A: The coefficients $a, b, c, f, g, h$ are only determined up to proportionality; if you multiply them all by the same amount, you get the same shape. For example, $2x^2 + 3y^2 = 0$ and $4x^2 + 6y^2 = 0$ give you the same shape.
This means you can set one of the coefficients arbitrarily and then solve for the other two. Let's say you set $f = 1$. Then you can solve $3g - 2h = 6$ and $-3g + 6h = 2$. The solution is $(g, h) = \left(\frac{10}{3}, 2\right)$. If you want all your coefficients to be integers, then you could multiply them all by 3 and say $(a, b, c, f, g, h) = (0, 0, 0, 3, 10, 6)$.

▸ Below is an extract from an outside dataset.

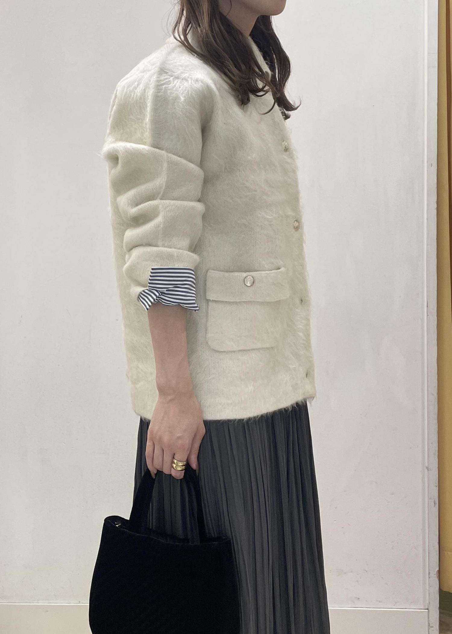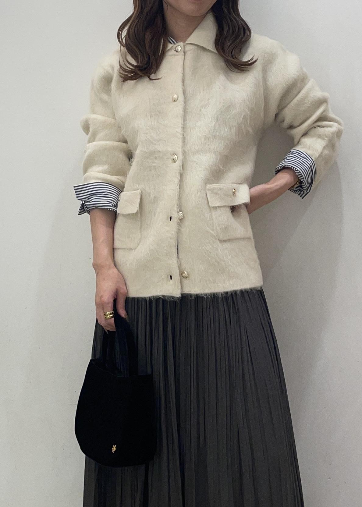 襟取り外し可能な起毛カーディガンは綺麗めコーデやカジュアルコーディネートなど

A: You don't need $6$ variables to solve. There are only $5$. You have assumed one extra variable. Take the equation to be :
$$x^2+\frac{b}{a}y^2+\frac{c}{a}z^2+\frac{2f}{a}yz+\frac{2g}{a}zx+\frac{2h}{a}xy=0 $$$$\implies x^2+b'y^2+c'z^2+2f'yz+2g'zx+2h'xy=0 ~~(\text{5 variables only})~~$$
Just like if you assume straight line equation to be $ax+by+c=0$, you need to solve for $3$ variables. In fact, you need only $2$, slope and $y ~\text{(or}~ x)$-intercept.
Now you may proceed.